While federal prosecutors said Wednesday’s raids show their commitment to enforcing immigration laws, critics said it reflects the difficulties and inequities of current law.

Employers, including those who may unfairly take advantage of immigrant workers, are less likely to be prosecuted, immigration experts said. But Angela Paparelli, a Los Angeles attorney who serves as president of the Alliance of Business Immigration Lawyers, said businesses can’t be expected to verify the accuracy of documents workers provide and shouldn’t target Hispanics for extra review simply because of their race.

“I think this case pointedly illustrates how the current system doesn’t work,” Mrs.
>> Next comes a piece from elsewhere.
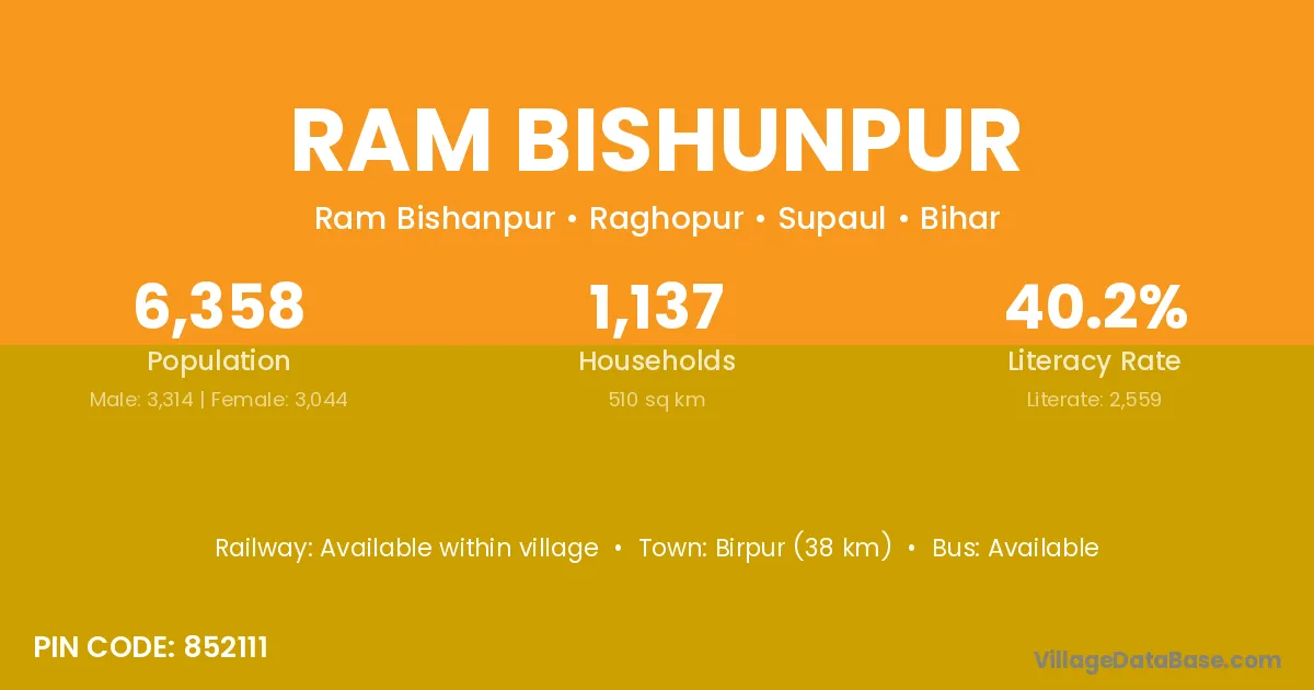 Ram Bishunpur village has a total population of 6,358 people, of which 3,314 are males and 3,044 are females.

Paparelli said. “Employers cannot be document inspectors and, because the identification documents are not easily verifiable, we have a real mess.”

U.S. Attorney John L. Ratcliffe in Tyler, Texas, who is leading the investigation, said in a prepared statement that the probe was focused on individuals who used illegally obtained documents and not on any employers who hired such people.
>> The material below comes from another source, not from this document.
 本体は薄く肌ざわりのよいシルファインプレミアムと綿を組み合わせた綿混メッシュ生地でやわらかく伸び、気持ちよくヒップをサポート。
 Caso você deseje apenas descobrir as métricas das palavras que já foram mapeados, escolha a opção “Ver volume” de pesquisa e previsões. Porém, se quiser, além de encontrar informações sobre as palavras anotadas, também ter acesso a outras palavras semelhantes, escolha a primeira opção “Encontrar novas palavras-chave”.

“We will continue to aggressively prosecute all persons who take someone else’s good name and credit for the purpose of working illegally in this country,” he said.

Pilgrim’s Pride voluntarily participates in E-Verify, the federal program that is supposed to confirm that workers are U.S. citizens. But experts estimated more than 4 percent of the Social Security database has errors.
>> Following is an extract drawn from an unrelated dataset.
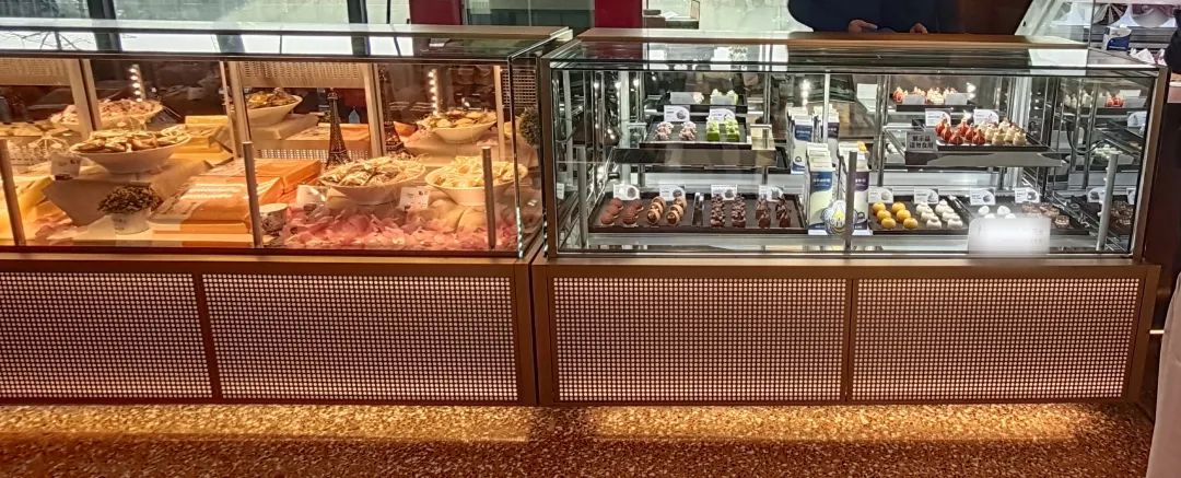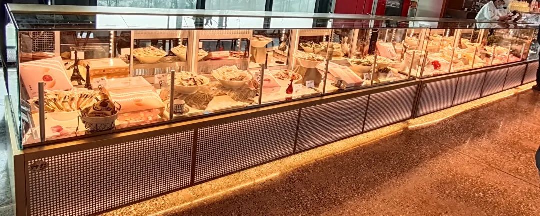 圖右側(cè)設(shè)備為蛋糕冷藏柜,金城制冷設(shè)計(jì)生產(chǎn)

Linton Joaquin, executive director of the National Immigration Law Center, said current law “puts many low-income workers in a very vulnerable situation.”

“They are subject to criminal prosecution for filling jobs our economy needs,” he said. With millions of undocumented workers in the United States, cases selected for prosecution “are very arbitrary,” Mr. Joaquin said.

Prosecuting a company for employing illegal workers has proven difficult, as evidenced by the biggest such case ever tried. In 2003, a Chattanooga jury ruled that the federal government failed to prove its case against Tyson Foods for hiring illegal workers in Shelbyville, Tenn., and other cities.

Wednesday raid’s came two days after Pilgrim’s Pride announced that, because of the depressed market for chicken, it planned to cut its weekly chicken processing by 5 percent in the second half of the year and close its plant in Siler City, N.C.

Among the 1,800 workers at Pilgrim’s Pride in Chattanooga, federal agents arrested 100 this week on charges of being in the country illegally. Nationwide, 311 Pilgrim’s Pride workers were arrested, including 91 who will face criminal charges in the United States for ID theft or fraud.

Gail Montenegro, a spokesperson for U.S. Immigration and Customs Enforcement, said federal agents are continuing to investigate both workers and managers involved in the case “and further charges could still come.”

Federal authorities involved in this week’s roundup of illegal workers said those arrested were identified during a yearlong investigation and were not selected randomly.